With all these constraints taken into account, we selected a list of 5 stimuli for each category of both matching and non-matching items. One stimulus out of five had a partial match between one of the numbers in the cue and the probe. However, this was true for every condition. The stimuli were presented in 9 blocks of 84 trials each. In each block, there were 50 non-matching trials and 34 matching trials. This imbalance had the purpose of maximizing the number of trials useful for assessing our hypotheses (matching trials are irrelevant to assess arithmetic relatedness and distance effects) and allowed us to obtain a potential of 90 data points for each critical cell of the design. The specific ratio between matching and non-matching trials was chosen in order to prevent that participants subjectively perceive incorrect trials more rarely than correct trials. According to Donchin (1981), the amplitude of the P3b is sensitive not only to absolute proportions of task-relevant stimulus categories but also to perceived subjective difference between proportions of categories, moreover Szűcs and Csépe (2005) demonstrated that the amplitude of the P3b is modulated by the proportion of correct answers, while no effect was found on the amplitude of the negative components between 230 and 330 ms and between 240 and 400 ms. In light of those results, Szűcs and Soltész (2010), in an arithmetic verification task, decreased the proportion of correct trials to 40% in order to decrease the perceived subjective probability. The study replicated the same N400 effect found in a previous experiments where the proportion of correct answers was 50%. On the other hand the amplitude of the P3b decreased suggesting an influence of subjective probability. Therefore, having a higher proportion of incorrect trials allowed us to rule out the effect of subjective probability on the amplitude of the P3b without influencing the amplitude of the N2b and of the N400.
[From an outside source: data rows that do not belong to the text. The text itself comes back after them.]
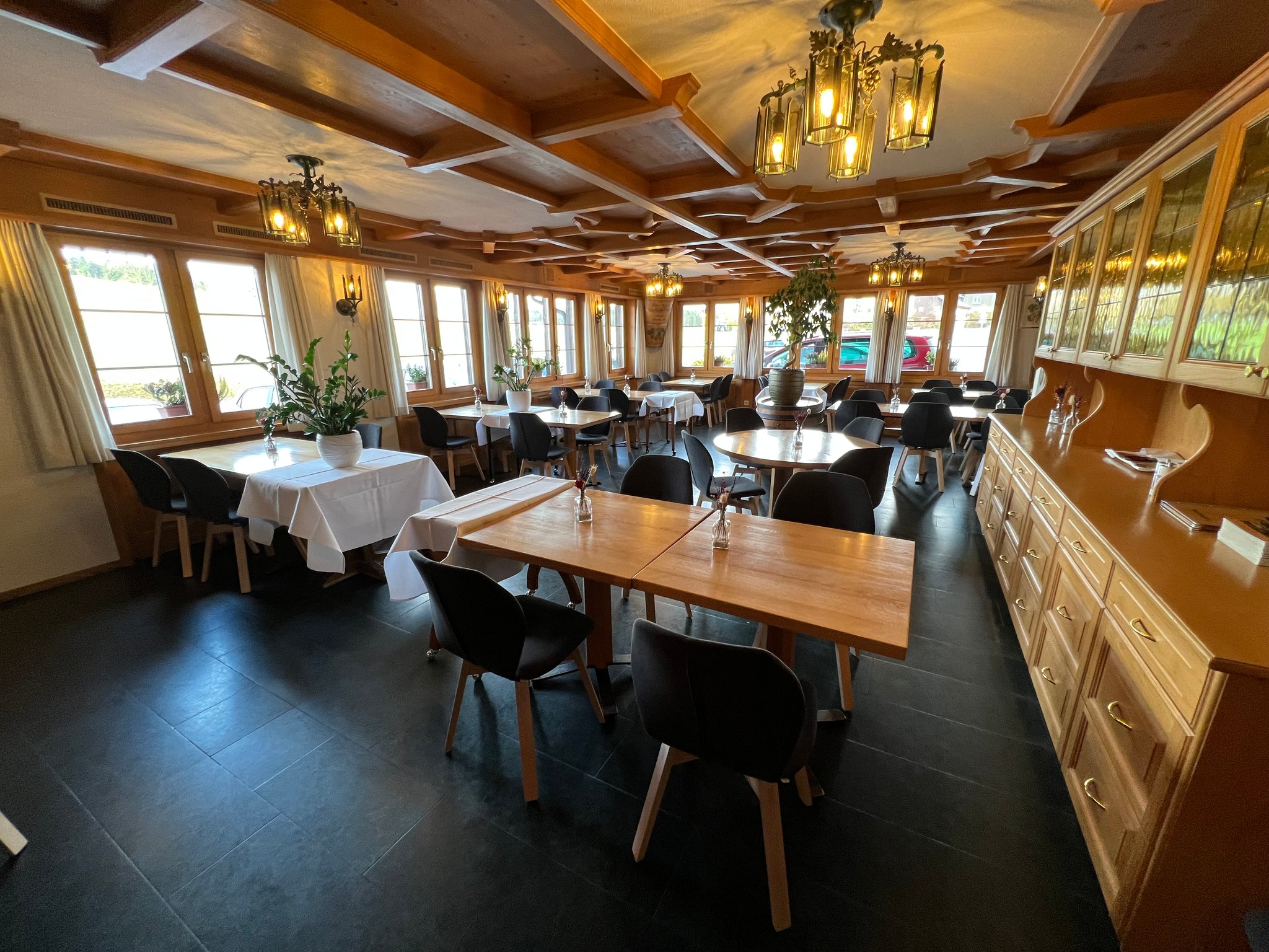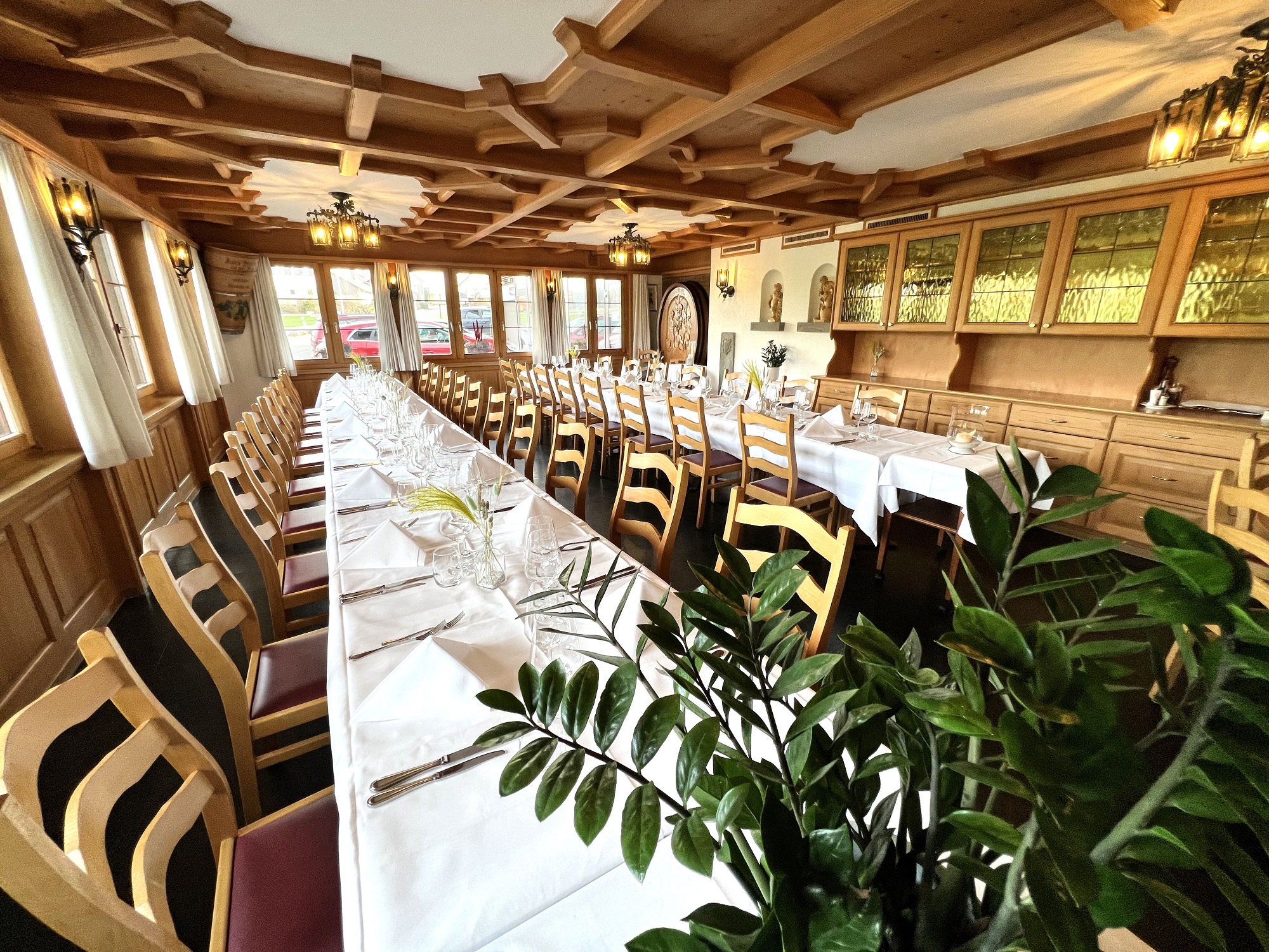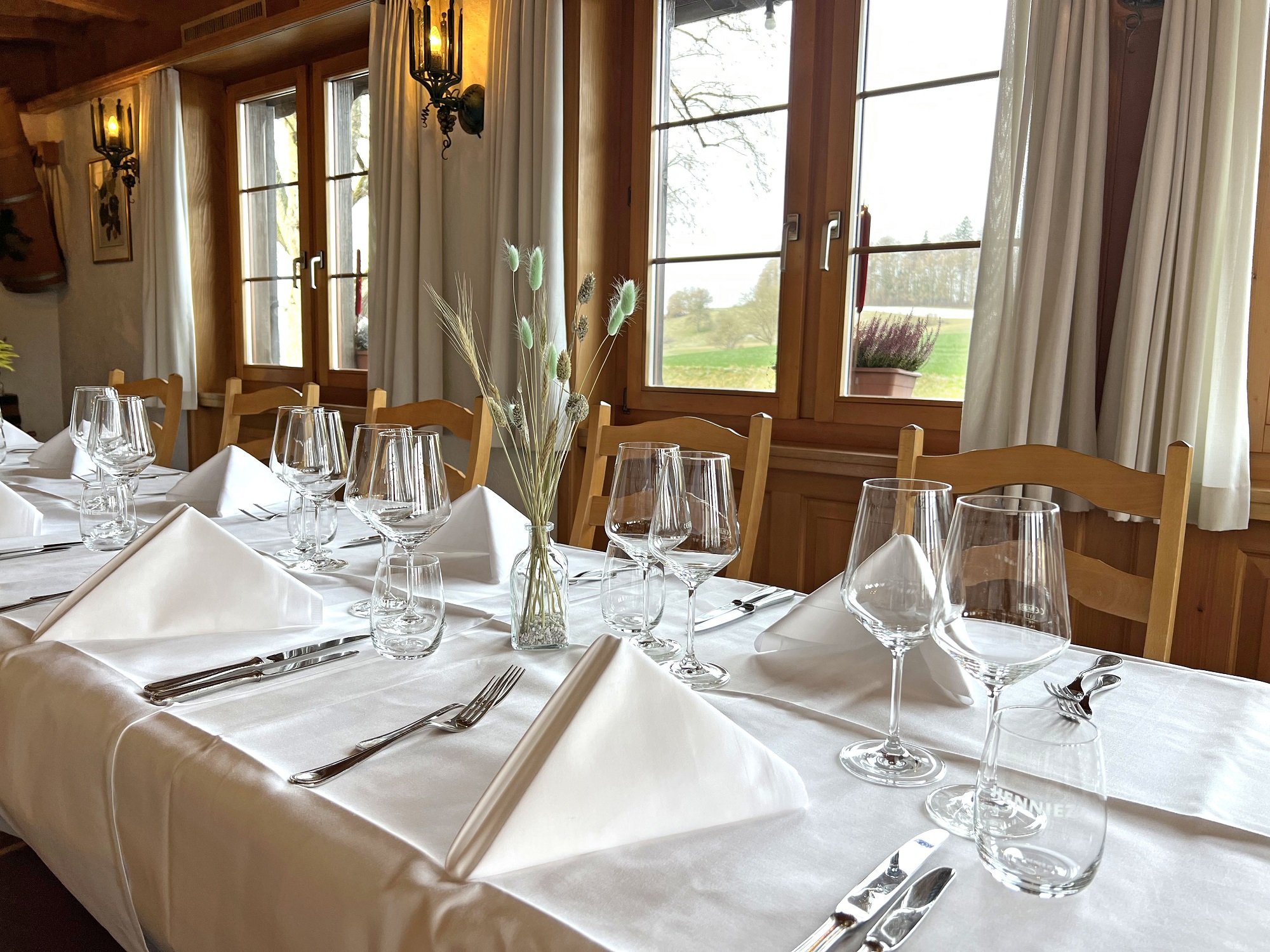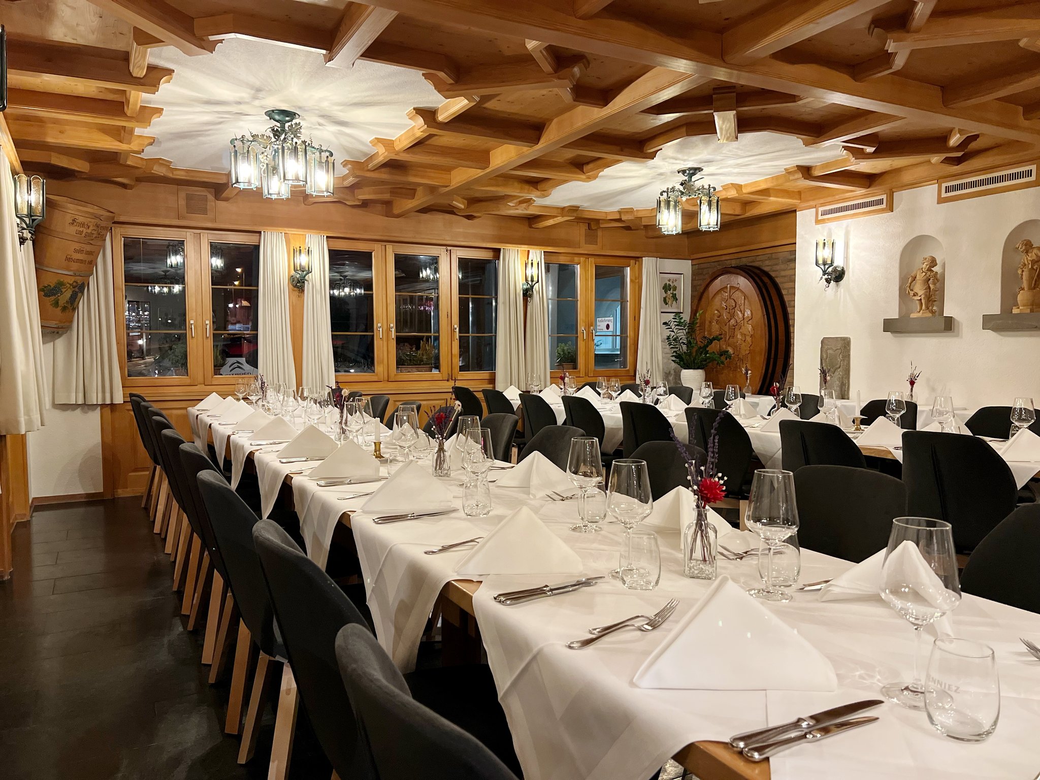 Die heimelige "Winzerstube" lädt zum Wohlfühlen, Verweilen und Geniessen. Dieser gemütlich-elegante Raum bietet Platz für grössere Anlässe
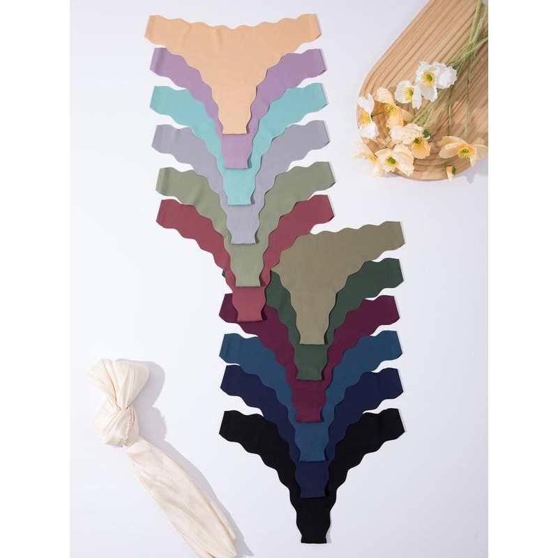 女性用ソリッドカラーウェーブトリムTバックソフトで快適な通気性
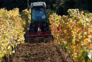 Le travail à la vigne passe notamment par des traitements réfléchis et raisonnés en fonction des conditions climatiques et du travail mécaniques des sols.
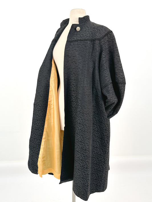 1950s Black Jacquard Swing Coat with Gold Lining / OSMF

The sequence of trials was randomized separately for each participant.

Procedure

Testing took place in a sound-attenuated, electrically shielded, dimly-lit room. Before the experiment started, participants performed some practice trials until they became familiar with the task. The sequence of events is illustrated in Fig. 1A. Each trial began with a fixation point (the picture of an eye) shown for 1000 ms at the center of the screen. The cue digits were presented synchronous to fixation point offset. The cue frame lasted 60 ms and was followed by an interstimulus interval (ISI) of 60 ms, resulting in a fixed 120-ms stimulus onset asynchrony (SOA), which is best suited for capturing arithmetic relatedness effects with both products and multiples in number-matching tasks (e.g., Galfano et al., 2003, Thibodeau et al., 1996). Then, the probe appeared and remained visible for 1900 ms, irrespective of the participants’ response. The participants responded by means of a gamepad, using their index fingers. They were required to press the right button when the probe matched either number of the cue, and the left button when there was no match. Response key assignment was counterbalanced across participants. The instructions emphasized both speed and accuracy. Participants were allowed to take short breaks between blocks, and were instructed to execute eye-blinks during the fixation frame only. Both the number-matching task and the arithmetic-verification task were performed in the same testing session with a short break in between. The number-matching task was always performed first because, in order to assess the difference between explicit and implicit tasks, it was critical to ensure that arithmetic remained task-irrelevant during the number-matching task and to minimize the transfer of task set between the two tasks. In other words, keeping such order allowed us to avoid the occurrence of carryover effects which might have favored the possibility that participants deliberately activated arithmetic knowledge also when performing number matching, i.e., a task in which arithmetic knowledge should be accessed, if any, only implicitly as it is not relevant to task requirements.

Fig. 1

Panel A. Sequence of events in the number-matching task. A non-matching multiple trial is illustrated. Stimuli are not drawn to scale. Panel B. Sequence of events in the arithmetic verification task. A trial with a false but related (i.e., multiple) result is illustrated. Stimuli are not drawn to scale.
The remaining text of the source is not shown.